Ted O'Loughlin

Personal information
- Nationality: Australian
- Born: 1952 (age 73–74)
- Education: St Joseph's College, Hunters Hill
- Years active: 1968-74

Sport
- Country: Australia
- Sport: Rowing
- Club: Nepean Rowing Club Sydney University Boat Club

Achievements and titles
- National finals: King's Cup 1974

= Ted O'Loughlin =

Australian gastroenterologist and former rower (born 1952)

Dr. Edward O'Loughlin (born 1952) is an Australian paediatric gastroenterologist and a former national representative rower. As a sweep oarsman he was a 1974 national champion and an Australian representative in the men's eight at the 1974 World Championships. As a physician he has served as Head of Gastroenterology at Westmead Children's Hospital.

==Club and state rowing==
O'Loughlin was raised in Penrith, New South Wales. His senior schooling was at St Joseph's College Hunters Hill and he made their 2nd VIII in 1968 in the same term he arrived at the college. In 1969 he rowed in the school's 1st VIII. His senior club rowing was from the Nepean Rowing Club and the Sydney University Boat Club and he represented the university in the senior men's eight at the Australian Intervarsity Regattas of 1971 and 1972.

At the Australian Rowing Championships in 1970 he raced in a Nepean four contesting the men's coxless four title. In 1972 he rowed in a Sydney University eight which won the men's junior eight title at the Australian Championships. In 1974 he rowed in SUBC colours in a coxed four which placed second in that championship race.
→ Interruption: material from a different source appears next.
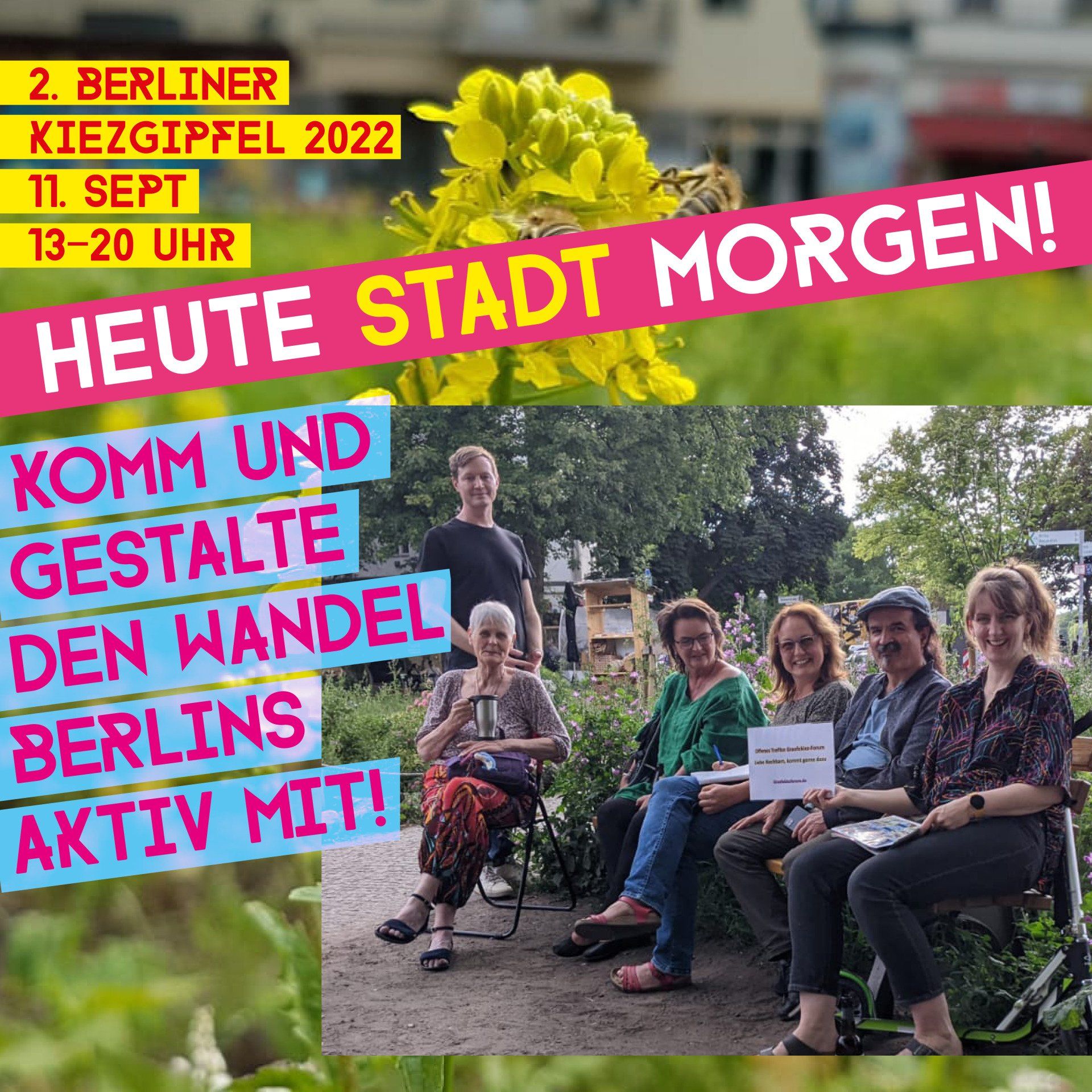 Participating in the neighborhood summit: Various neighborhood (block) and neighborhood initiatives, Changing Cities, Berlin21, climate restart, Extinction Rebellion, Litterpicker, Day of the Good Life, KIEZconnect, Fridays for Future, grandmas against the right, Yeşil Çember, Open Dreams Brandenburg eV, Transformation House & Field, Open Society Initiative, More Democracy eV, Circus Cabuwazi, Moos, bUm - Space for solidarity with each other, Urbanstraße neighborhood house, Omas for Future, Donut Berlin, PowerShift, Public Welfare Economy Berlin/Brandenburg; Architects for Future & Expedition Basic Income, Joliba eV, paper planes eV and other initiatives. As guests - Hansaforum Münster

His state representative debut for New South Wales came in the 1974 men's eight which contested and won the King's Cup at the Interstate Regatta within the Australian Rowing Championships.

==International representative rowing==
The coach, coxswain and seven members of the victorious 1974 NSW King's Cup crew including O'Loughlin were selected as the Australian men's eight to compete at the 1974 World Rowing Championships in Lucerne. The eight finished in 2nd place in the petite final for an overall eighth placing.

==Medical career==
O’Loughlin graduated in medicine from Sydney University in 1977. He undertook paediatric training at Sydney's Royal Alexandra Hospital for Children and a Gastrointestinal fellowship in Calgary, Canada. In 2012 he was Westmead Children's Hospital's Head of Gastroenterology.